→ **Exercise data**:

====

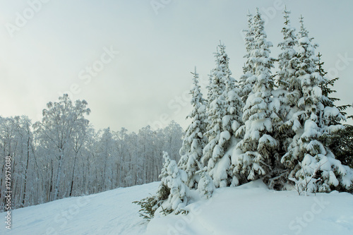 Obraz premium Pine trees in snow, Ural, Russia
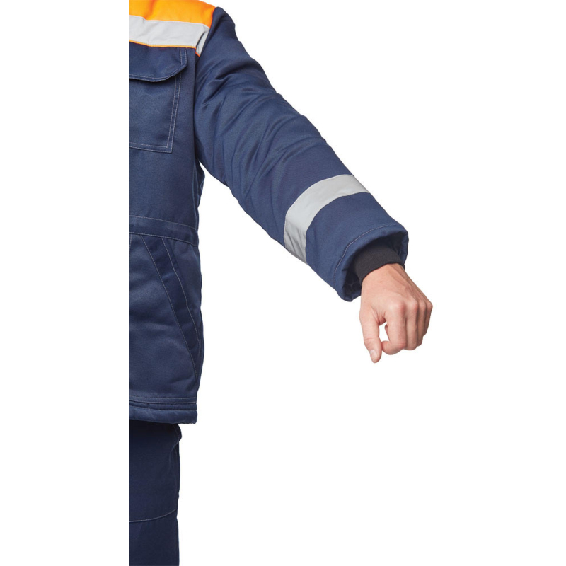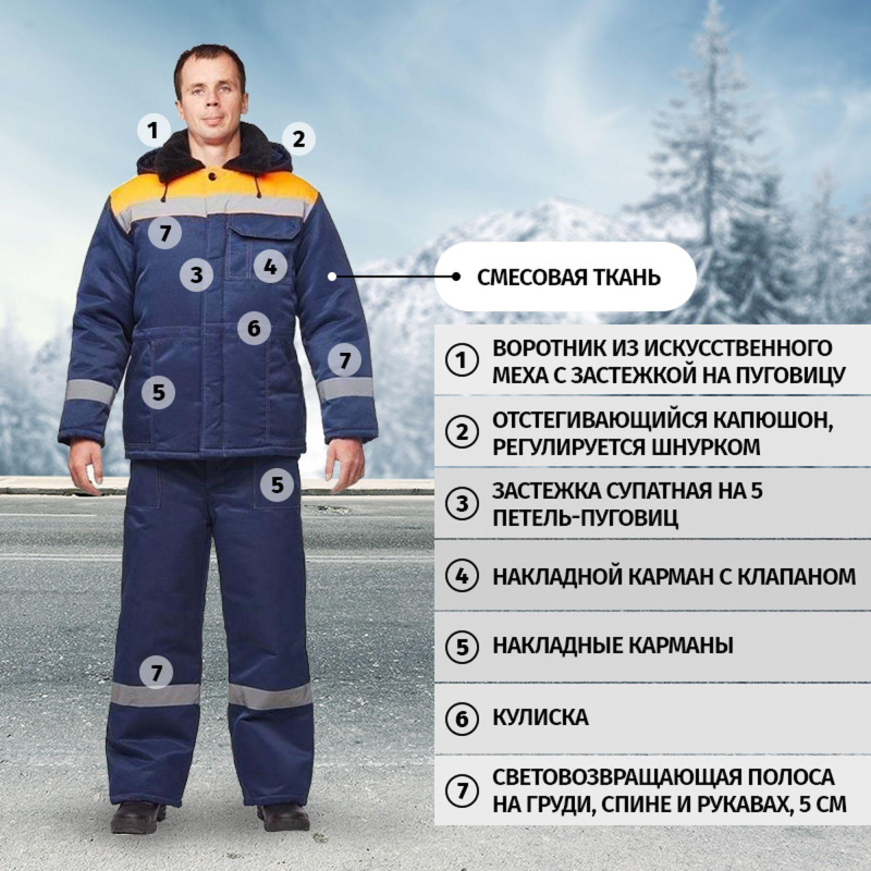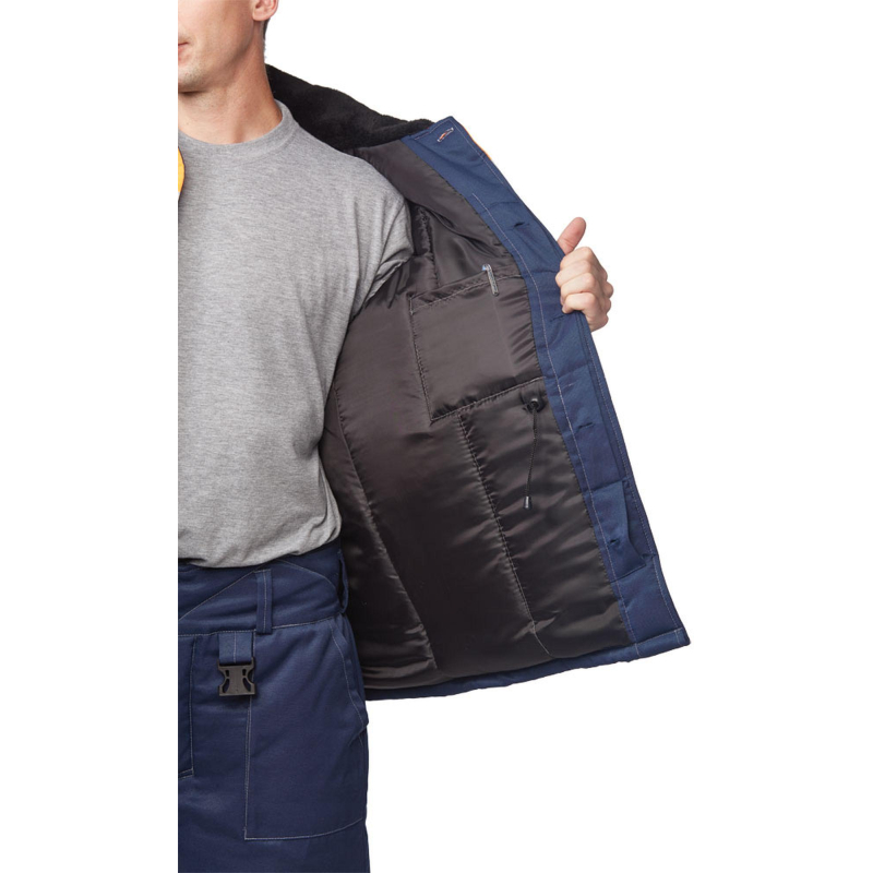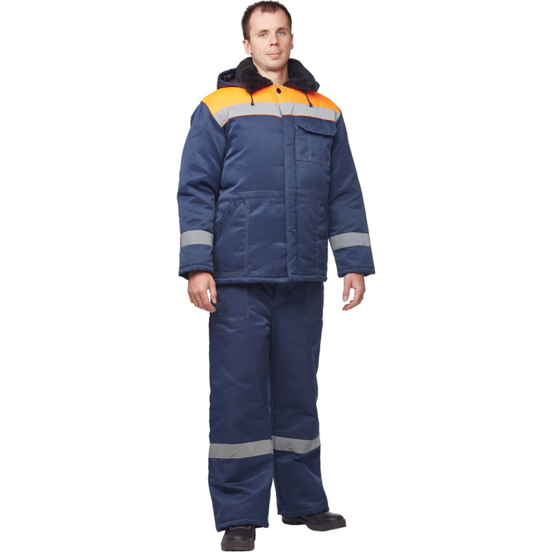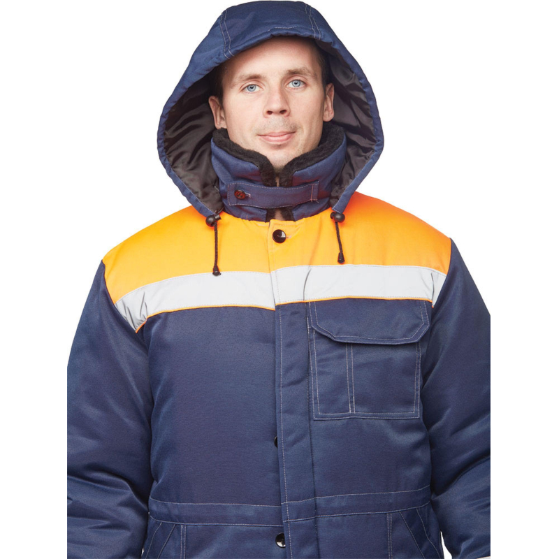 Спецодежда зимняя куртка мужская з32-КУ (размер 68-70, рост 182-188). Изготовлена из смесовой ткани (Тип 3) (80% полиэстер, 20% хлопок) плотностью 210 г/кв. м., с водоотталкивающей пропиткой. Такой материал обладает улучшенными эксплуатационными характеристиками, благодаря высокой плотности непроницаем для пыли, отличается высокой износостойкостью. Сохраняет яркий цвет. Утеплитель - синтепон, плотностью - 360 г/кв.м (основа) и 240 г/кв.м (руки). Технология изготовления термоскрепленного синтепона (евросинтепона) позволяет использовать данный утеплитель для создания более тонких изделий с сохранением термозащитных свойств. Важными преимуществами утеплителя являются легкость и хорошая пластичность, что улучшает подвижность в костюме. А также исключение миграции волокна через ткани верха и подкладки за счет скрепления слоев. Материал подкладки - 100% полиэстер. Светоотражающая полоса шириной 5 см размещена спереди и сзади между кокеткой и нижней частью куртки. Куртка прямого силуэта, удлиненная, с центральной бортовой супатной застежкой на 5 петель-пуговиц. Полочка отрезная по линии кокетки. Наличие двух нижних накладных карманов с косым срезом и наличие одного накладного нагрудного кармана с клапаном с двойной контрастной отстрочкой. Низ куртки обработан швом в подгибку с закрытым срезом. По линии талии настрочена кулиса со сквозным выходом наизнанку, регулируется шаровым фиксатором и шнуром. Спинка прямая, отрезная по линии кокетки. Рукав прямой, втачной, одношовный. Внутри рукава по нижней части на подкладку притачан трикотажный манжет. Воротник меховой, спереди застегивающийся на пуговицу. Капюшон отстегивается. Куртка предназначена для защиты работающих от пониженных температур в различных отраслях промышленности, а также производственных загрязнений. Изготавливается в соответствии с ГОСТ 12. 4. 303-2016. Рекомендуется для использования в ЖКХ, озеленении территории, строительстве, проведении ремонтных работ, промышленности, логистике, сельском хозяйстве. Коллекция зимней спецодежды з32 представлена в двух видах ткани - смесовая с влагоотталкивающей пропиткой и Оксфорд. К куртке з32-КУ из смесовой ткани подходят брюки з32-БР из аналогичной ткани. ЗАКОНОДАТЕЛЬНЫЕ И ТЕХНИЧЕСКИЕ ДОКУМЕНТЫ:
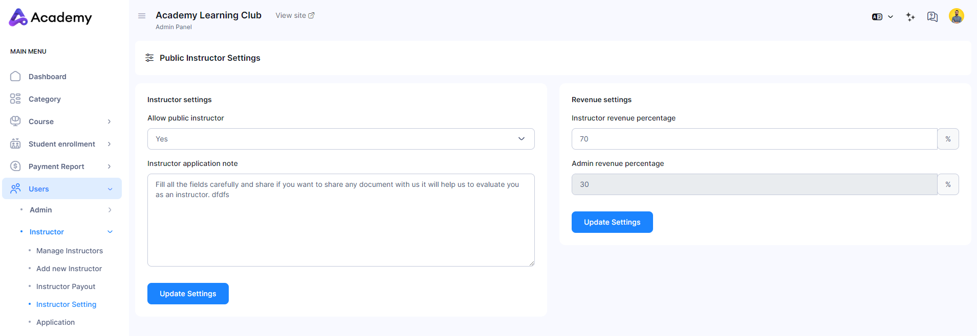 To learn more about the revenue sharing process for instructors as an admin, refer to the steps outlined in the earlier section covering the Instructor Settings option in the article.
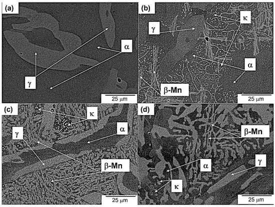 APA StyleLopez-Hirata, V. M., Perez-Badillo, E., Saucedo-Muñoz, M. L., Hernandez-Santiago, F., & Villegas-Cardenas, J. D. (2024). Phase Transformations after Heat Treating an As-Cast Fe-30Mn-8.8Al-0.3Si-0.15C Steel. Metals, 14(7), 748. https://doi.org/10.3390/met14070748

====

→ **Exercise brief**: All lines from the one holding "To learn more" to the end of the listing above need to be duplicated exactly. None of the pictures should be included.

→ **Solution**:
 To learn more about the revenue sharing process for instructors as an admin, refer to the steps outlined in the earlier section covering the Instructor Settings option in the article.
 APA StyleLopez-Hirata, V. M., Perez-Badillo, E., Saucedo-Muñoz, M. L., Hernandez-Santiago, F., & Villegas-Cardenas, J. D. (2024). Phase Transformations after Heat Treating an As-Cast Fe-30Mn-8.8Al-0.3Si-0.15C Steel. Metals, 14(7), 748. https://doi.org/10.3390/met14070748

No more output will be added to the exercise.